They’re probably also counting on the prevalence of horse-race reporting, so that instead of the story being “McCain campaign lies,” it becomes “Obama on defensive in face of attacks.”
Still, how upset should we be about the McCain campaign’s lies? I mean, politics ain’t beanbag, and all that.
One answer is that the muck being hurled by the McCain campaign is preventing a debate on real issues — on whether the country really wants, for example, to continue the economic policies of the last eight years.
AmericaBlog has a compendium of editorials decrying the lies and negative tactics of McSleazy, Lies. And then there's John McCain's Journey From Maverick to Liar. As Will Bunch notes in his perfectly phrased caption, Wow -- even Karl Rove doesn't approve this message, even Karl Rove thinks McCain has gone too far with his lying ways (sure).

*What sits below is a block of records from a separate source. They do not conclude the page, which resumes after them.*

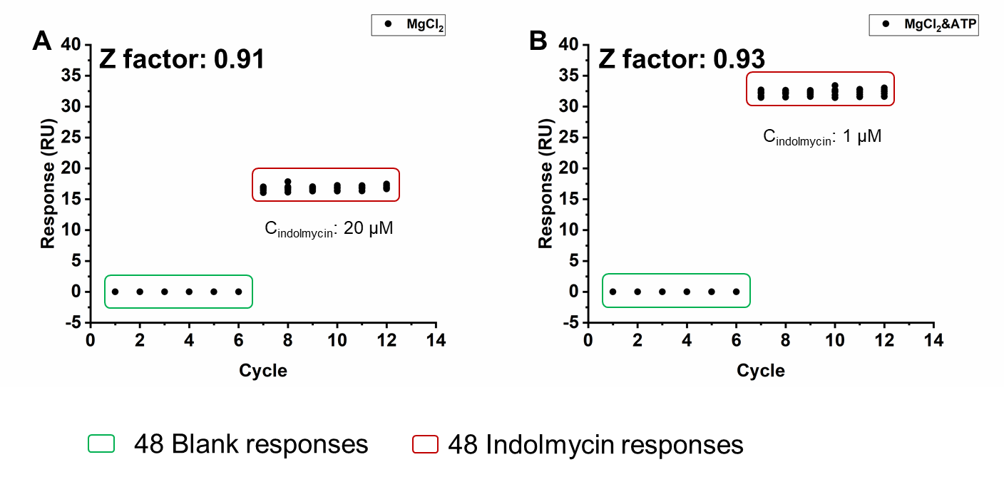 (1)标签和固定方式的优化:本次研究通过多次实验优化了TrpRS的标签和芯片固定方式,使SPR体系在高通量筛选中的适应性和灵敏度显著提高,Z因子数值稳定在0.9以上。这表明多维度优化策略能够提升实验的重现性和数据质量。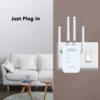 1200mbps wifi Range Extender connects to your Wi-Fi router wirelessly, strengthening and expanding its signal. Dual-band (5G +2.4G). Four External Antennas and set up with WPS Button.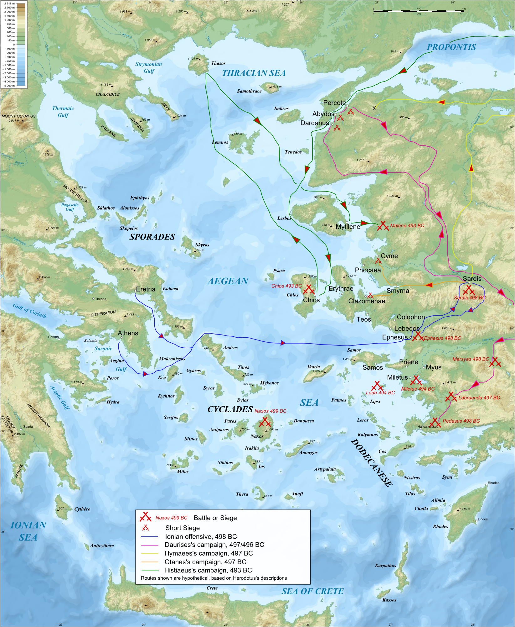 Map showing the major events of the Ionian Revolt.

It's gotten so bad that the press is even resorting to using the L word (Lie) to describe it. As The Politico explains, Why McCain is going so negative, so often:
McCain’s tactics are drawing the scorn of many in the media and organizations tasked with fact-checking the truthfulness of campaigns. In recent weeks, Team McCain has been described as dishonorable, disingenuous and downright cynical.

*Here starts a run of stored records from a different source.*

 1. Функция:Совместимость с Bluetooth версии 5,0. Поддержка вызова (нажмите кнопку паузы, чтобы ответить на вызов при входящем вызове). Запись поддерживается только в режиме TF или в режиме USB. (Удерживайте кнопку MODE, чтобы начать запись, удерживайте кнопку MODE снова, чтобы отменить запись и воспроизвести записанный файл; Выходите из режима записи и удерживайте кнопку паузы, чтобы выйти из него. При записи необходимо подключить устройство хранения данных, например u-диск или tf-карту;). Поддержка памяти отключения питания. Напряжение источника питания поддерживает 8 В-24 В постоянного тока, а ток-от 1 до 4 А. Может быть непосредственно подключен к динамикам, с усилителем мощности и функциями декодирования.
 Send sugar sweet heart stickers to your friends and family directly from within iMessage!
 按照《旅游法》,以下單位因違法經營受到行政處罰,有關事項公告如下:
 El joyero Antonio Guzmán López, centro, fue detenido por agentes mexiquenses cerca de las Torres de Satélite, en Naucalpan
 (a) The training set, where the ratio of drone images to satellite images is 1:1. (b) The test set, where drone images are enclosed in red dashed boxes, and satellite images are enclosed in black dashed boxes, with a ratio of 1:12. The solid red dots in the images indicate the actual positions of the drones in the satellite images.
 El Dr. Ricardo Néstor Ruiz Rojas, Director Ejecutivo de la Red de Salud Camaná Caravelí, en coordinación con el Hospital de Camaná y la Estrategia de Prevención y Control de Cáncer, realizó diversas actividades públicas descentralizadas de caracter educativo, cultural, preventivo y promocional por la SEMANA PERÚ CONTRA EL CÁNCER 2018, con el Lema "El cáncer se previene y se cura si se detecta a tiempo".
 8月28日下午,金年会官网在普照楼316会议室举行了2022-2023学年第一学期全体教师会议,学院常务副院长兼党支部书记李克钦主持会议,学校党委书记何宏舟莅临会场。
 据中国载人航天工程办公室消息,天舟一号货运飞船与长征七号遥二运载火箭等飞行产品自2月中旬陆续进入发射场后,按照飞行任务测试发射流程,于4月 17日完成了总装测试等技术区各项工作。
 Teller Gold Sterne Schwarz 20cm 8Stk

A series of ads — including accusations that Barack Obama backed teaching sex education to Illinois kindergartners and charges that Obama called Sarah Palin a lipstick-wearing pig — have provoked a cascade of criticism of McCain’s tactics.
The furor presents a breathtaking contrast to McCain’s image as a kind of anti-politician who plays fair, disdains politics as usual and has never forgotten how his 2000 presidential campaign was incinerated by a series of loathsome dirty tricks in the South Carolina primary.
Current campaign aides and other Republicans who’ve closely watched the race, however, have a very different response to the media elites and good-government scolds: We don’t care what you think.
McCain seems to have made a choice that many politicians succumb to but that he had always promised to avoid — he appears ready to do whatever it takes to win, even it if soils his reputation.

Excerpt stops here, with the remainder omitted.